Для каждого, кто входил в сени княжеских палат, кто-то невидимый из тайных глубин помещения посылал каждый раз небывалой красоты девушку с серебряным рукомоем, так что даже невозмутимый Дулеб зачарованно переводил взгляд с одного личика на другое, а уж про Иваницу и говорить нечего. Парень просто голову потерял от такого чуда. Тут были высокие, гордые мерянки, сверкавшие северной красотой, чистотой, словно первые снега, были нежные булгарки из-за Волги, огнистоглазые и утонченно-умелые в обращении с вещами, не обошлось без половчанок, гибких, будто зеленый хмель, а над всеми сверкали сероглазой красотой суздальчанки, глаза которых впитали спокойную красоту северного неба, озаряли лицо, царили над ним, были самим лицом, ибо замечал ты лишь эти глаза, а больше ничего.
И за столом, за который сели все, утомленные и изголодавшиеся киевские гости сначала не замечали ни яств, ни напитков, ибо и там прислуживали пирующим только девчата. Еще более красивые, чем те, что были с рукомоями, еще более редкостной и необычайной стати, более же всего удивляло Дулеба то, что ни князья, ни их люди не обращали внимания на красавиц, они словно бы и не замечали их вовсе, - видно, это относилось к обычаям суздальского княжеского дома, может, велось так всегда.

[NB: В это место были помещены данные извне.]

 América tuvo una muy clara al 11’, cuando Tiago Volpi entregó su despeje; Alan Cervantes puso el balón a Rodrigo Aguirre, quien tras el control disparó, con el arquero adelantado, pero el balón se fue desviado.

Хорошо это или плохо? В киевских пересудах про Долгорукого намекалось недвусмысленно и на суздальский разврат, и вот эти прислужницы, казалось бы, должны утвердить Дулеба в этом убеждении, однако он сам, не зная почему, склонен был видеть здесь лишь чистоту, целомудрие и неомраченную красоту, к которой человеческая душа никогда не может быть равнодушна.
Что же касается Иваницы, то этот избалованный женским вниманием и благосклонностью парень, привыкший к таинственности в этих делах, был потрясен, ошарашен, растерян до предела, еще там, в сенях, показалось ему, что это для него выставили сразу столько молодых и прекрасных суздальчанок, чтобы выбирал, которая понравится более всего, или чтобы кто-нибудь из них выбрал его, потому что он - самый молодой и пригожий, к тому же еще он прибыл из далекого Киева, который должен был бы светить своими золотыми соборами этим заброшенным за безбрежные леса людям, даже в их снах. Однако девчата не торопились выбирать Иваницу, они оставили его без внимания там, в сенях, не обращали внимания и здесь, за столом, хотя сюда входили и другие, новые и новые девчата, угощая всех, кто сидел за столом, не выделяя даже самого великого князя Юрия, а не только какого-то там безымянного отрока киевского.
Достойным удивления было еще и то, что старый тысяцкий Гюргий стоял в конце стола, не садился, не собирался ни есть, ни пить, одновременно будучи здесь старшим не только над слугами, но и над князем, потому что сам Долгорукий почтительно обратился к нему за разрешением начать трапезу.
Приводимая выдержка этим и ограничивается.